[TASK BRIEF] Would you copy exactly the lines in the data below from the one that has "And Judah spake" through the one that has "2月5日,我市天气晴朗,不少", dropping any pictures?

[LISTED RECORDS]
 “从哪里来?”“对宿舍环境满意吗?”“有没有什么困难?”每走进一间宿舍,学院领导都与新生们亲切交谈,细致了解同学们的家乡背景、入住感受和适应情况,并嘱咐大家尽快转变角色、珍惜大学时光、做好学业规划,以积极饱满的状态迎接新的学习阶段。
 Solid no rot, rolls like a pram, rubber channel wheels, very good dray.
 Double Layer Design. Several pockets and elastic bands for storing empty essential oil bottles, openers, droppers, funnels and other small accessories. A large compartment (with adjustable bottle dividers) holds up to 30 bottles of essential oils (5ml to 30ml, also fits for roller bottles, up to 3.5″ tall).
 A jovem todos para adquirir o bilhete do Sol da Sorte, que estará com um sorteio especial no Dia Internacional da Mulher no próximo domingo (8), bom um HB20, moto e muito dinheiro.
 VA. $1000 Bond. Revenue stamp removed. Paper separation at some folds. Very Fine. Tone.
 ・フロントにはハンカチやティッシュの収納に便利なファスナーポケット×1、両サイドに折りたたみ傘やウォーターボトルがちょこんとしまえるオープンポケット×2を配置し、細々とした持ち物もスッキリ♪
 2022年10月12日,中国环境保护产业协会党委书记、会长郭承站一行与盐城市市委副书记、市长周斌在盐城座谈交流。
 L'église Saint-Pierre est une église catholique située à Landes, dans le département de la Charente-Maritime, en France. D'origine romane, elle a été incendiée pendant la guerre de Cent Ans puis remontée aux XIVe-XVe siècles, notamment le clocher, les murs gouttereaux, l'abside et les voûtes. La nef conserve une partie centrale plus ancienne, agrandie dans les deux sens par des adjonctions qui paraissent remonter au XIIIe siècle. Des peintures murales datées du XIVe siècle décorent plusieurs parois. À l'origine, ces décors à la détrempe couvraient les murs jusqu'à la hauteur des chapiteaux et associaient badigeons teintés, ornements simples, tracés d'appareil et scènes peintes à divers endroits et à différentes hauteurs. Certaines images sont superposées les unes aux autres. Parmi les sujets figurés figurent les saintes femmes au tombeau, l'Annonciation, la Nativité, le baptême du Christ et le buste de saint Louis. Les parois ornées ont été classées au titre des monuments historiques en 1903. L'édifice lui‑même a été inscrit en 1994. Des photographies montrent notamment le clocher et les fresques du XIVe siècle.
* * *
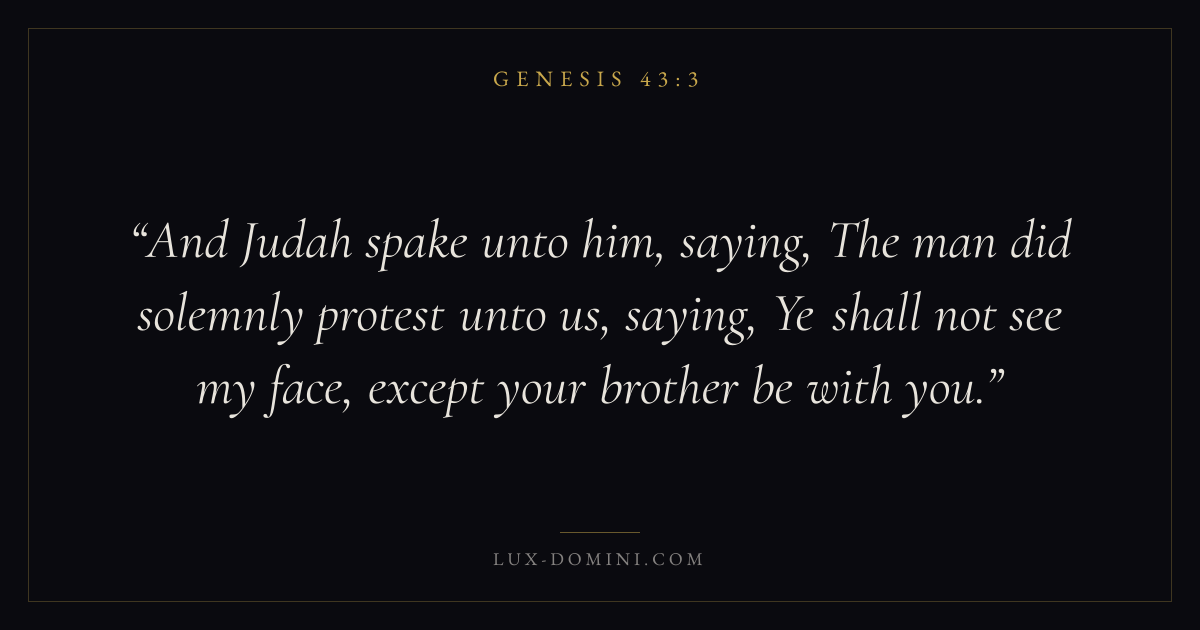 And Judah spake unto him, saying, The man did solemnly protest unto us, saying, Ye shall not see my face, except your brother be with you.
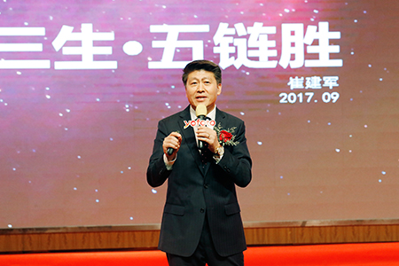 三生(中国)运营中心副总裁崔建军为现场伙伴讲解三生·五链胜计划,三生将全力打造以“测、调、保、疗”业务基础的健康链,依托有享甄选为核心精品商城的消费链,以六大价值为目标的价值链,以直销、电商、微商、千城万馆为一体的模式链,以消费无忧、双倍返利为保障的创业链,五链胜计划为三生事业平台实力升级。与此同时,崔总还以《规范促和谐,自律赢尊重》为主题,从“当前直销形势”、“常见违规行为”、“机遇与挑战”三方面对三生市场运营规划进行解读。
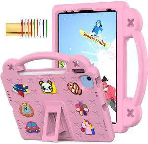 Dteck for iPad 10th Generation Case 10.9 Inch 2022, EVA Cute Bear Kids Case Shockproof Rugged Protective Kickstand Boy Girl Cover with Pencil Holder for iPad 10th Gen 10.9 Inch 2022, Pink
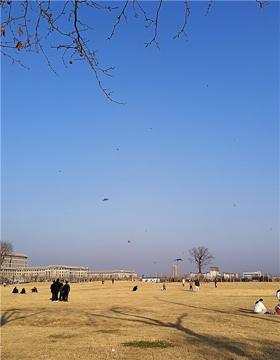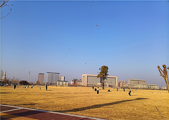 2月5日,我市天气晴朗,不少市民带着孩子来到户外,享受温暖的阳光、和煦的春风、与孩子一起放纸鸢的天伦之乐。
...
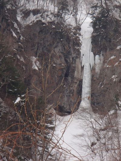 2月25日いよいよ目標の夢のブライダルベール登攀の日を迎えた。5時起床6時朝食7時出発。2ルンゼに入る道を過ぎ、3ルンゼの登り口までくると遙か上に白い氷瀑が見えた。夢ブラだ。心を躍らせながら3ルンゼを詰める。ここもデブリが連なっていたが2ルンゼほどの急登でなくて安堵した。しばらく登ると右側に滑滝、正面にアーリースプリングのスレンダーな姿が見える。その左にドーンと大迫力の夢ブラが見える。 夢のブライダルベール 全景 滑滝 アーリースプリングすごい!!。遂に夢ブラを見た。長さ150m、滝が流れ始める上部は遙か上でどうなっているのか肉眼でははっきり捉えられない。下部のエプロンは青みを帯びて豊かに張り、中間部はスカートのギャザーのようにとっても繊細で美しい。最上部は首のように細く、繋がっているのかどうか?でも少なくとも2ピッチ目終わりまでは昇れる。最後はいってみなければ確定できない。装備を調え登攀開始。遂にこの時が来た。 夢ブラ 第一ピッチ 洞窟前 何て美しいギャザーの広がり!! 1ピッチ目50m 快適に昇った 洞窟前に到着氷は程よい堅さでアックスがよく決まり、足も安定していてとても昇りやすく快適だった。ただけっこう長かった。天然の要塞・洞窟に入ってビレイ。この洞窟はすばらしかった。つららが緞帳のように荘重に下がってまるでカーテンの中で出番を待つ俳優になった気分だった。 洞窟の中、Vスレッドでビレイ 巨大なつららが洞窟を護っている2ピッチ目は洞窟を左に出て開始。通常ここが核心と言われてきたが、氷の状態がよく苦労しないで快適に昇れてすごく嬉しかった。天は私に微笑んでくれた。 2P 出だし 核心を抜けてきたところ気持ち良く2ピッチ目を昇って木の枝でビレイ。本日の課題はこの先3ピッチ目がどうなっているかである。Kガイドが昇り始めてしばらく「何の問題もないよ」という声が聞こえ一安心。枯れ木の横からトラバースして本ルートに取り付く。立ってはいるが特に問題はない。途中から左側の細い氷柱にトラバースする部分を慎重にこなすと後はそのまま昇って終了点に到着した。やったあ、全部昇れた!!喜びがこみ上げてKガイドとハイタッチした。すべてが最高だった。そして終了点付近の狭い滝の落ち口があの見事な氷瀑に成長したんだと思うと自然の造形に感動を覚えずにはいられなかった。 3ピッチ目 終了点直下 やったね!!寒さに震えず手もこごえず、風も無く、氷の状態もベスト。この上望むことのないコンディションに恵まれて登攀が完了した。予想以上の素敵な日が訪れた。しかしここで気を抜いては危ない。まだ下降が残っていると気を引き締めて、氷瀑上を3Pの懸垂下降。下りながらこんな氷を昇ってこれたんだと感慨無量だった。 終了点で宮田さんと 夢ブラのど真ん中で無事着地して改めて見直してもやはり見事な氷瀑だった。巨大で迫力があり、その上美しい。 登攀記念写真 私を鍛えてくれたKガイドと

[EXPECTED OUTPUT]
 And Judah spake unto him, saying, The man did solemnly protest unto us, saying, Ye shall not see my face, except your brother be with you.
 三生(中国)运营中心副总裁崔建军为现场伙伴讲解三生·五链胜计划,三生将全力打造以“测、调、保、疗”业务基础的健康链,依托有享甄选为核心精品商城的消费链,以六大价值为目标的价值链,以直销、电商、微商、千城万馆为一体的模式链,以消费无忧、双倍返利为保障的创业链,五链胜计划为三生事业平台实力升级。与此同时,崔总还以《规范促和谐,自律赢尊重》为主题,从“当前直销形势”、“常见违规行为”、“机遇与挑战”三方面对三生市场运营规划进行解读。
 Dteck for iPad 10th Generation Case 10.9 Inch 2022, EVA Cute Bear Kids Case Shockproof Rugged Protective Kickstand Boy Girl Cover with Pencil Holder for iPad 10th Gen 10.9 Inch 2022, Pink
 2月5日,我市天气晴朗,不少市民带着孩子来到户外,享受温暖的阳光、和煦的春风、与孩子一起放纸鸢的天伦之乐。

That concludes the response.